Philosopher and sundial
Mosaic depicting philosopher with sundial, Rheinisches Landesmuseum Trier, 1907,724, 3rd century CE.

Whatever the origins of the sundial in Greece, the distinctive type of sundial shown in the mosaic poses a problem. The ISAW exhibition notes that it is a type first attested in the Hellenistic era and so an anachronism in a depiction of Anaximander. The problem posed by the mosaic is one that returns again and again in the study of ancient anachronisms: can one tell whether or not a particular temporal slip is deliberate? If an anachronism is unconscious, it seems simply to show a lack of interest in temporal change and so to offer support to the view that the Greeks lacked a developed historical consciousness. If an anachronism such as the mosaic’s sundial is conscious, on the other hand, it can be read as a pointed teleology, mapping out the later improvements set in motion by the inventor. But perhaps with the mosaic a third possibility should be mentioned. The anachronism may lie in our desire to find a specific name for a figure who is not after all identified in the mosaic itself. On the other hand, if the figure is the inventor of the sundial, the mosaic-maker has planted a small detail that debunks the tradition of the prôtos heuretês: given that the shadow cast by the leg of the chair on which the philosopher sits is so open to view, was the gnômôn – which protrudes at the same angle – really such a hard discovery?
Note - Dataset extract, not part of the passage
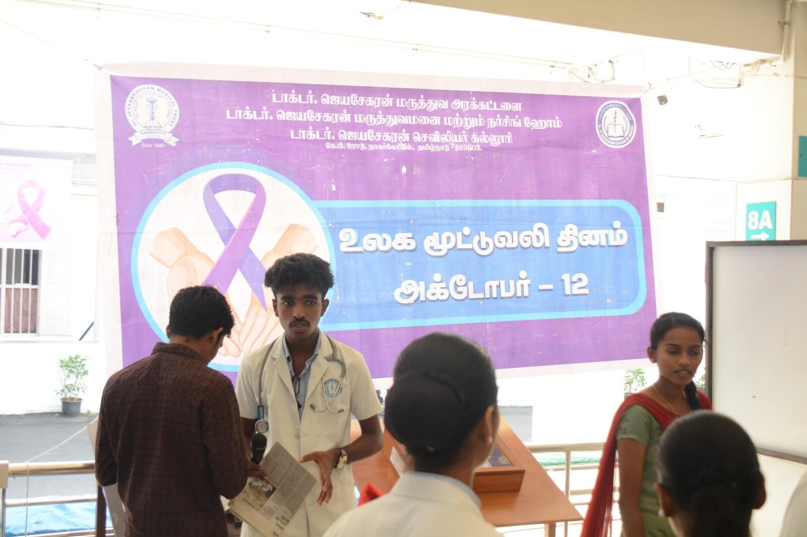We had celebrated world Arthritis day on 10th October at 10.30 am to 11.30 am. It was organized by Student Nurses Association , Dr.Jeyasekharan college of Nursing, Nagercoil.
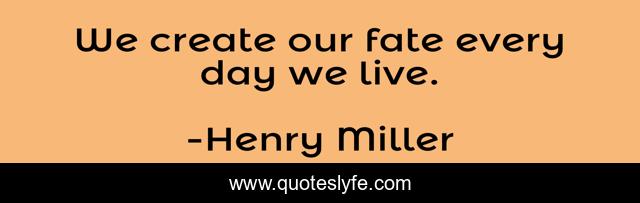 This page presents the quote "We create our fate every day we live.". Author of this quote is Henry Miller. This quote is about day, one,.

The second mosaic in the exhibition comes (via the Museo Archeologico Nazionale di Napoli) from the Villa of Titus Siminius Stephanus at Pompeii (and so can be securely dated before 79 AD). It shows a group of seven men gathered around a sphere; one of the men is pointing at the sphere with a stick; and behind the whole group a sundial is perched on top of a column. The figures have often been identified either as members of Plato’s Academy (the stick-wielder would then be Plato himself) or as the Seven Sages, a group of wise men attested (with variations in their membership) from the time of Plato who were portrayed together in conversation (however implausibly) in works such as Plutarch’s Symposium of the Seven Sages. On either reading, the mosaic includes an anachronism: it shows an armillary globe, a sphere of rings representing the heavenly bodies – another Hellenistic invention. Rather than thinking of the identification as an alternative, we might prefer to see a deliberate blurring of Plato’s community with the archaic sages (perhaps with the seven figures corresponding to the seven Platonic planets). But there is also a way out of the anachronism. Study of other illustrations of globes led to the suggestion that the figure could be Aratus, the author of an astronomical poem in the third century BC, and this suggestion may in turn receive support from the recently published paintings from the ‘Tomb of the Philosophers’ at Pella, palace of Aratus’ patron Antigonus, in which a man pointing at a globe has been identified as Aratus. If the figure in the Pompeii mosaic is indeed Aratus, it is not the globe that is anachronistic but the grouping of seven men around it – a remnant of the archaic sage tradition.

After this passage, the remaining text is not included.